Items from a dataset
=== Begin Enclosure ===
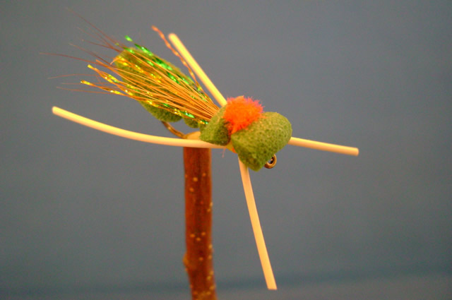 Size #10. If you're someone who finds beauty in simple things, then you will like this hopper pattern. Nothing fancy, just some foam, a little flash, rubber legs and some deer hair. Now, add water and you're fishing! No floatant needed, this fly will float all day, just cast it into a likely spot, like near the stream bank where there is plenty of vegetation. Give it just a couple of little short jerks, let it rest, then some more little short jerks ( just enough to move the legs ) let rest again, and be ready. Trout love hoppers!
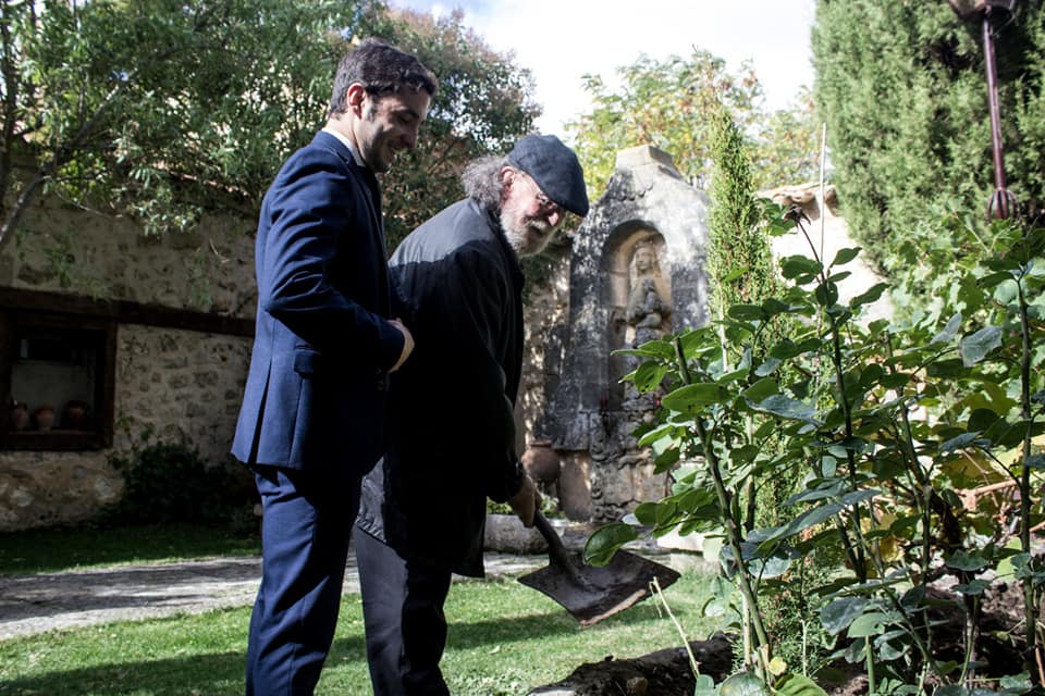 La mencionada fundación, cuya sede se sitúa en la localidad vallisoletana de La Mudarra, inauguró el “Huerto de los Cipreses” de su jardín en La Casa Grande plantando el árbol que enraíza a Joaquín Díaz para siempre con esta institución cultural. Podemos ver una fotografía del momento sobre estas líneas (Fotografías: Pez Volador).
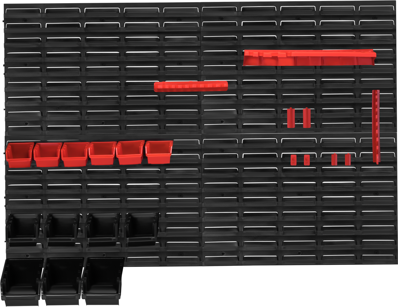 Wytrzymała konstrukcja, zróżnicowane pojemniki i uchwyty pozwalają na wygodne przechowywanie śrubokrętów, kluczy, narzędzi ręcznych i akcesoriów warsztatowych. Uniwersalna tablica doskonale sprawdzi się w garażu, warsztacie czy na stanowisku serwisowym.
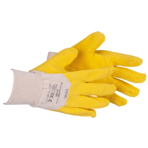 – pamut kesztyű rugalmas csuklópántokkal – félig mártot, sárga természetes latexben – a tenyér és az ujjak felületének csúszásmentes kezelése.
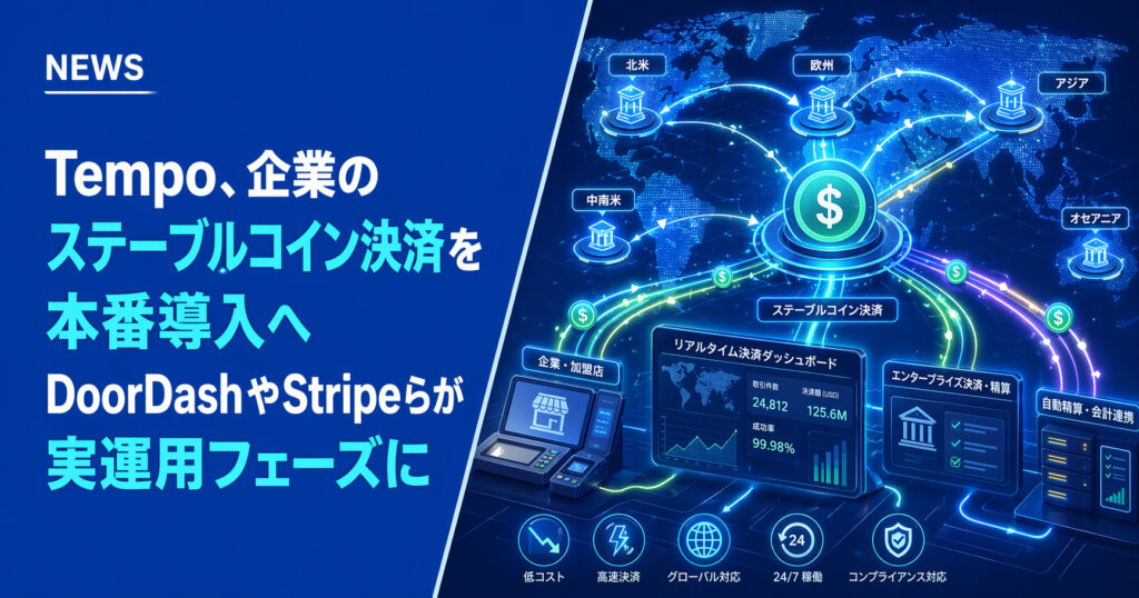 決済特化ブロックチェーン「Tempo」を運営するTempoは、企業パートナーがステーブルコイン決済フローを本番環境へ持ち込み始めていることを明らかにした。TempoのX投稿では、DoorDash、Stripe、Coastal Bank、ARQなどがTempo上で決済インフラを構築していると案内している。Tempoは3月にメインネットを公開したばかりで、今回の発信は「実証」から「実運用」への移行を印象づける内容となっている。
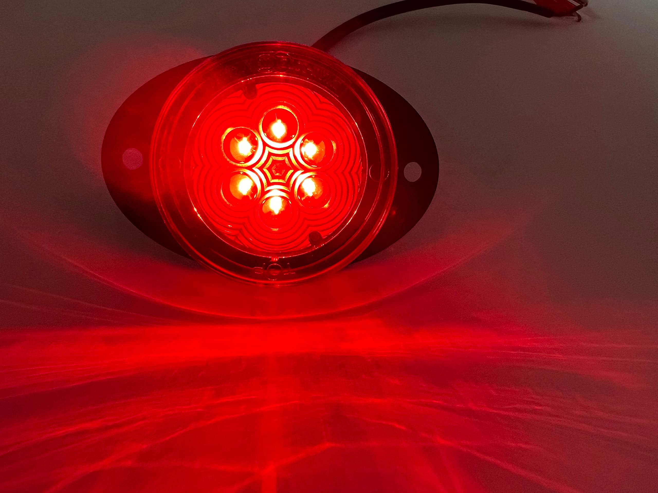 Red 6 LED, 2.5" round, Side Marker Clearance Lights Great replacement for incandescent lights, no bulbs to replace. Sealed housing and lens (waterproof seal), Includes 2 wire pigtail plug and rubber grommet for easy connection! 13 Red LEDs (Light Emitting Diodes) Meets DOT FMVSS 108/SAE Requirements
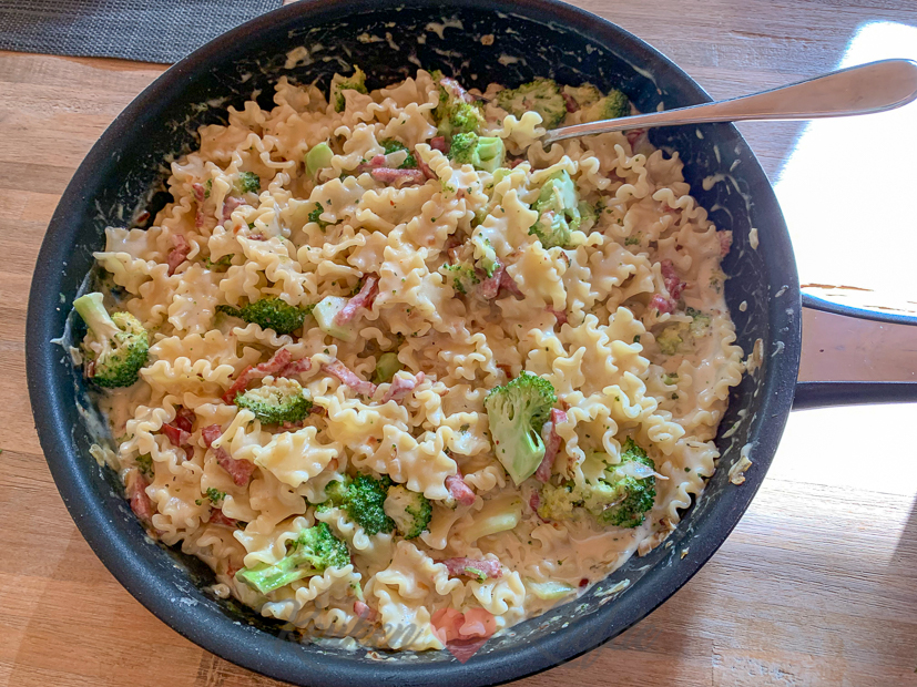Voor het avondeten maak ik pasta met romige kaassaus, bacon en broccoli. Mmmm… Ik maakte ongeveer dit recept.
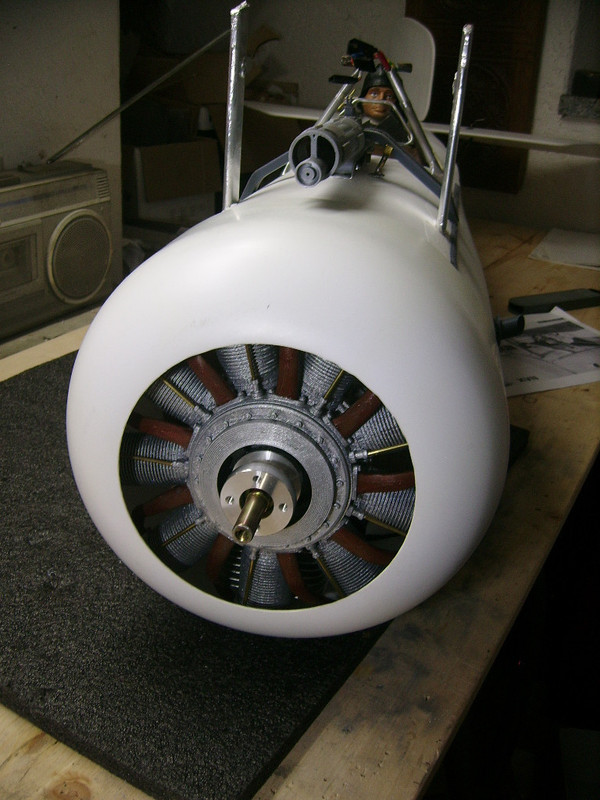 Ciao a tutti, Come detto, mi sono dedicato al fissaggio del falso rotativo al motore "vero". Per farlo, ho irrobustito la parte nascosta del motore e poi vi ho incollato un supporto rotondo in compensato da 6 mm, sulle quali ho avvitato delle staffe ricavate dopo piegatura da una lista di acciaio da 1 cm. Il supporto in legno serve anche da isolante al calore. Si vedrà poi quanto la plastica resisterà, ma sono ottimista, più o meno ![]() ![]() ![]() L'effetto non è malaccio, anche se comunque è ancora troppo... nuovo, gli farò le sporcature per renderlo più realistico più avanti ![]() C'è da dire che il modello di motore non é esattamente quello montato sui Ni.17, si tratta di un modello precedente. Infatti i condotti di alimentazione dopo qualche esperienza fatta sul campo di battaglia li avevano messi dietro i cilindri in posizione più protetta dai proiettili avversari riducendo l'effetto...... cerino volante , o almeno mi sembra di avere letto così da qualche parte. Comunque va benissimo in confronto a vedere solo il DLE nuovo lucido lucido. Adesso mi dedicherò alla finitura della capottina motore e del carrello e poi alla stesura delle finte cuciture sulle ali, quando e se mi arriveranno i nastri dalla Germania. Buona serata a tutti
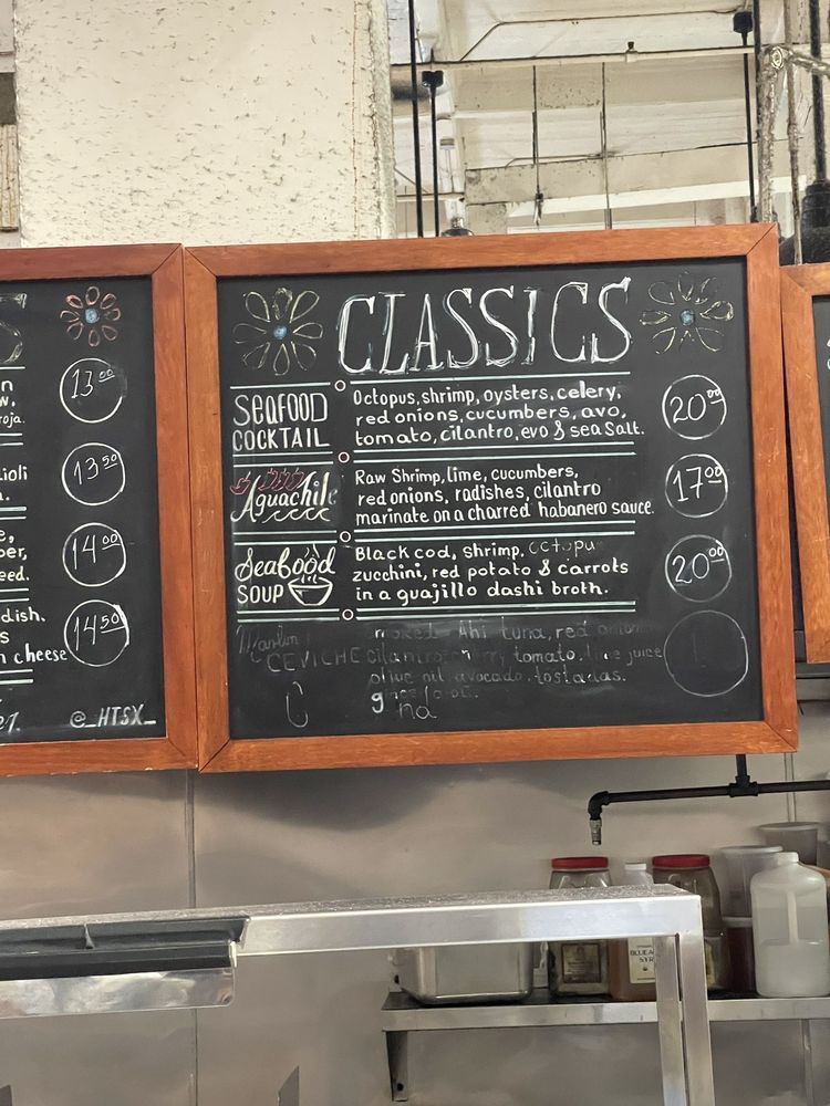 Chilled shrimp, serrano, cucumber, red onions, celery, parsley, cilantro, lime juice and sea salt.
=== End Enclosure ===
▶ [Your objective]
Would you output the data exactly, without any of its images?

▶ [Result]
 Size #10. If you're someone who finds beauty in simple things, then you will like this hopper pattern. Nothing fancy, just some foam, a little flash, rubber legs and some deer hair. Now, add water and you're fishing! No floatant needed, this fly will float all day, just cast it into a likely spot, like near the stream bank where there is plenty of vegetation. Give it just a couple of little short jerks, let it rest, then some more little short jerks ( just enough to move the legs ) let rest again, and be ready. Trout love hoppers!
 La mencionada fundación, cuya sede se sitúa en la localidad vallisoletana de La Mudarra, inauguró el “Huerto de los Cipreses” de su jardín en La Casa Grande plantando el árbol que enraíza a Joaquín Díaz para siempre con esta institución cultural. Podemos ver una fotografía del momento sobre estas líneas (Fotografías: Pez Volador).
 Wytrzymała konstrukcja, zróżnicowane pojemniki i uchwyty pozwalają na wygodne przechowywanie śrubokrętów, kluczy, narzędzi ręcznych i akcesoriów warsztatowych. Uniwersalna tablica doskonale sprawdzi się w garażu, warsztacie czy na stanowisku serwisowym.
 – pamut kesztyű rugalmas csuklópántokkal – félig mártot, sárga természetes latexben – a tenyér és az ujjak felületének csúszásmentes kezelése.
 決済特化ブロックチェーン「Tempo」を運営するTempoは、企業パートナーがステーブルコイン決済フローを本番環境へ持ち込み始めていることを明らかにした。TempoのX投稿では、DoorDash、Stripe、Coastal Bank、ARQなどがTempo上で決済インフラを構築していると案内している。Tempoは3月にメインネットを公開したばかりで、今回の発信は「実証」から「実運用」への移行を印象づける内容となっている。
 Red 6 LED, 2.5" round, Side Marker Clearance Lights Great replacement for incandescent lights, no bulbs to replace. Sealed housing and lens (waterproof seal), Includes 2 wire pigtail plug and rubber grommet for easy connection! 13 Red LEDs (Light Emitting Diodes) Meets DOT FMVSS 108/SAE Requirements
Voor het avondeten maak ik pasta met romige kaassaus, bacon en broccoli. Mmmm… Ik maakte ongeveer dit recept.
 Ciao a tutti, Come detto, mi sono dedicato al fissaggio del falso rotativo al motore "vero". Per farlo, ho irrobustito la parte nascosta del motore e poi vi ho incollato un supporto rotondo in compensato da 6 mm, sulle quali ho avvitato delle staffe ricavate dopo piegatura da una lista di acciaio da 1 cm. Il supporto in legno serve anche da isolante al calore. Si vedrà poi quanto la plastica resisterà, ma sono ottimista, più o meno ![]() ![]() ![]() L'effetto non è malaccio, anche se comunque è ancora troppo... nuovo, gli farò le sporcature per renderlo più realistico più avanti ![]() C'è da dire che il modello di motore non é esattamente quello montato sui Ni.17, si tratta di un modello precedente. Infatti i condotti di alimentazione dopo qualche esperienza fatta sul campo di battaglia li avevano messi dietro i cilindri in posizione più protetta dai proiettili avversari riducendo l'effetto...... cerino volante , o almeno mi sembra di avere letto così da qualche parte. Comunque va benissimo in confronto a vedere solo il DLE nuovo lucido lucido. Adesso mi dedicherò alla finitura della capottina motore e del carrello e poi alla stesura delle finte cuciture sulle ali, quando e se mi arriveranno i nastri dalla Germania. Buona serata a tutti
 Chilled shrimp, serrano, cucumber, red onions, celery, parsley, cilantro, lime juice and sea salt.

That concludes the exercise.